When 78,000 Japanese ladybugs left the shelter of NJDA’s beneficial insect laboratory in Ewing last year to wage war against the hemlock woolly adelgids destroying the state’s native hemlocks, the big question was how they’d manage over the New Jersey winter.

But the news is great! Surveys conducted this month confirm that the imported beetle did overwinter in the Garden State and has now established colonies in several locations. Additional releases have already been made this year in the state’s hemlock stands to bolster the predator’s numbers against the pest.

The imported ladybug eats only adelgids and will not compete with native ladybugs. Only time will tell whether the Japanese ladybugs will be able to control the adelgid infestation and save the remaining hemlock forests.

Hemlock woolly adelgid, a destructive insect, is native to Japan and China but was accidentally introduced into the eastern United States a few decades ago and has spread throughout the northeast. The female adelgid lays her eggs in a woolly mass near the tips of the branches. The adults and nymphs feed on the sap of the tree, removing nutrients and causing the tree to weaken and die.

The adelgid causes so much damage because it has no natural enemies here to help keep it under control.
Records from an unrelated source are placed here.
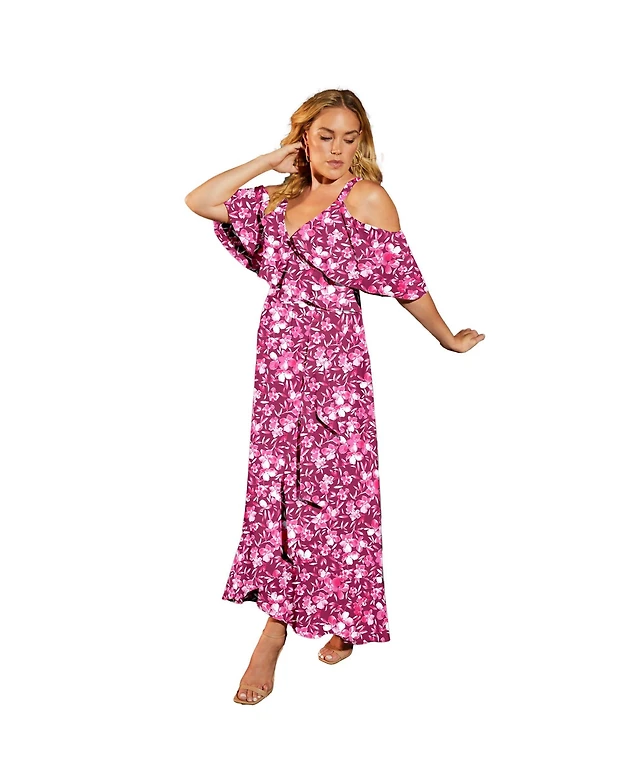 London Times Women's Faux-Wrap Ruffle-Hem Maxi Dress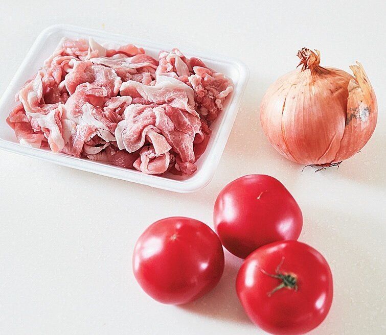 フライパンに油を強火で熱し、玉ねぎ、豚肉を入れ、豚肉の色が八分通り変わるまで炒める。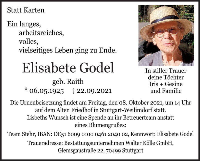 Hier finden Sie alle Traueranzeigen aus der Zeitung, die bisher für Elisabete Godel erschienen sind. Weitere Traueranzeigen, die in der Zeitung erscheinen, werden hier ebenfalls aufgelistet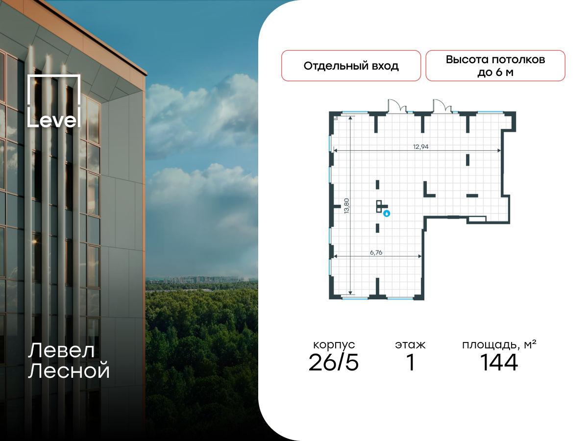 Продаётся коммерческое помещение свободного назначения площадью 144.00 м² в корпусе 1 дома 26 строящегося жилого комплекса комфорт-класса Левел Лесной. Сдача дома 26 запланирована на III квартал 2027 г. Проект расположен в зелёной зоне ближайшего Подмосковья, посёлке Отрадное. Развитая инфраструктура и уже заселённые корпуса делают этот проект перспективным для бизнеса.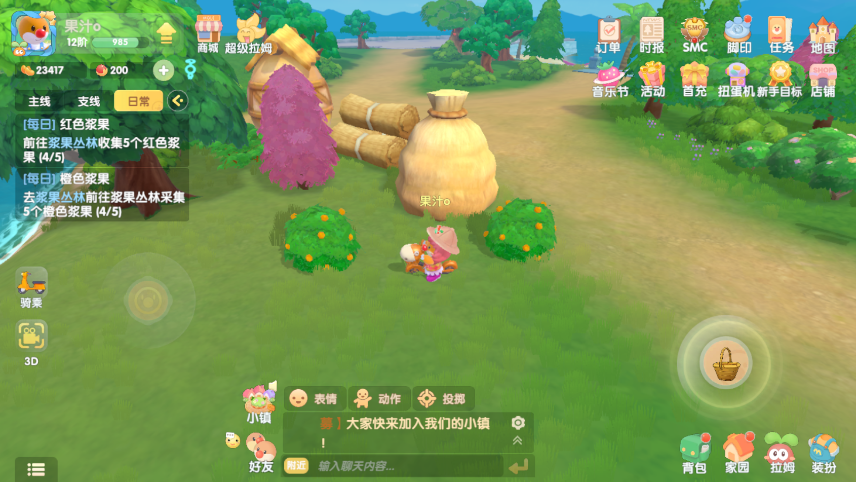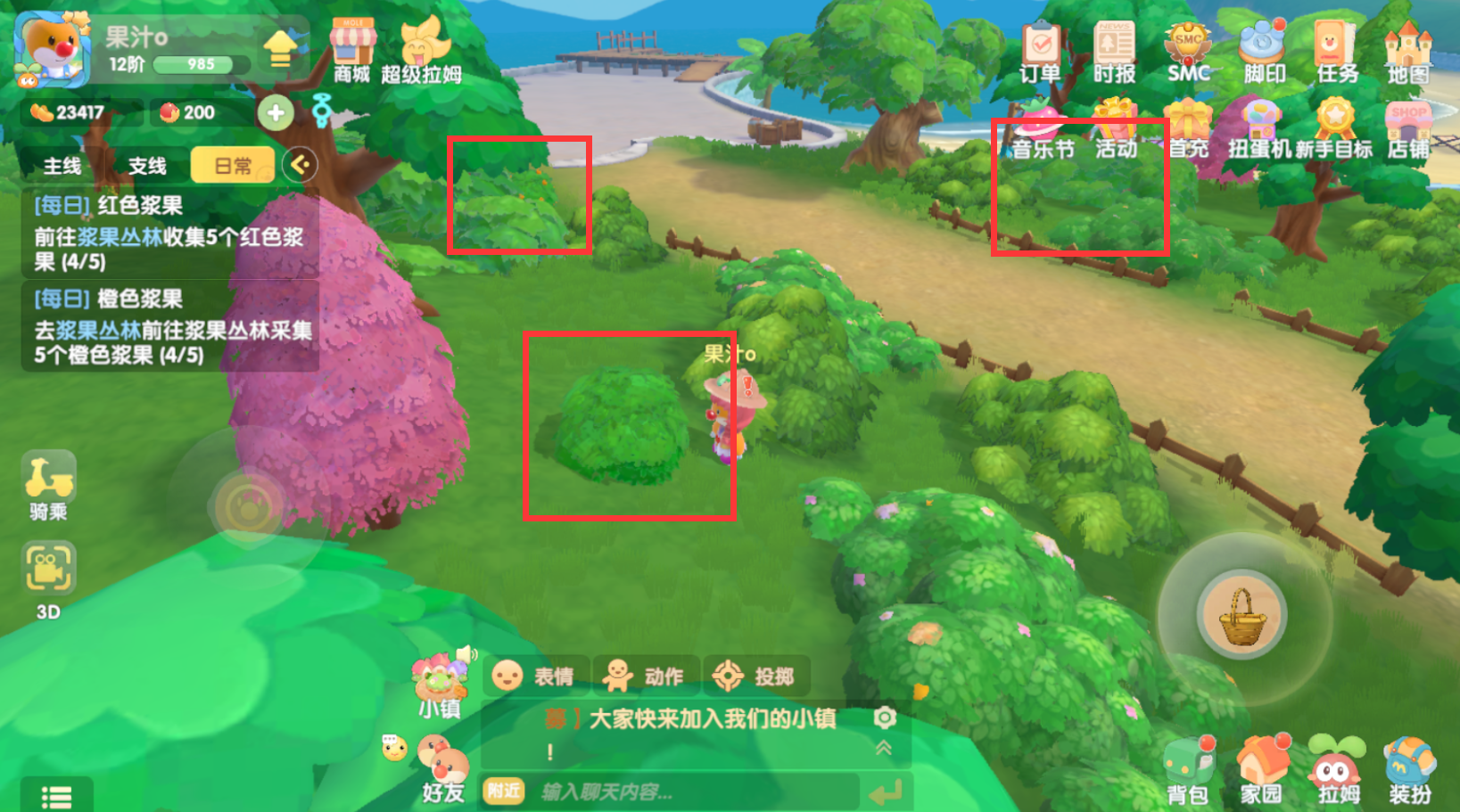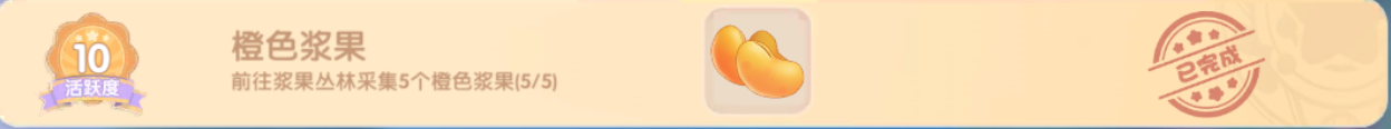 1.采集橙色浆果*5,奖励:摩尔豆,活跃度*10。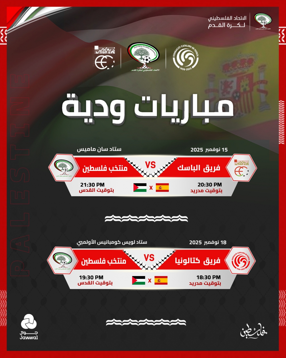 ويواجه الفدائي فريق الباسك في 15 نوفمبر الجاري عند الساعة التاسعة والنصف مساءً بتوقيت القدس، على ملعب سان ماميس بمدينة بلباو. فيما يلتقي فريق كاتالونيا في 18 نوفمبر عند الساعة السابعة والنصف مساءً على ملعب لويس كومبانيس الأولمبي في برشلونة.

Although a number of natural and synthetic chemicals are available to control this pest in nurseries and in domestic landscapes, it is virtually impossible to use them in natural hemlock stands. The natural stands are difficult to reach on foot and the infected trees live beneath dense evergreen canopies that can’t be penetrated by aerial chemical applications. NJDA’s beneficial insect laboratory began producing the ladybugs in 1997 from stock collected in Japan by the Connecticut Agricultural Experiment Station. This insect production initiative was conducted in cooperation with the USDA Forest Service (USDA/FS), the New Jersey Bureau of Forestry and the Connecticut Agricultural Experiment Station. Under a cooperative agreement with the USDA/FS, this year NJDA will also supply a number of other northeastern states with laboratory-raised beetles for releases in infested hemlock stands in those states. Research continues in an effort to find additional beneficial insects that prey on hemlock woolly adelgids.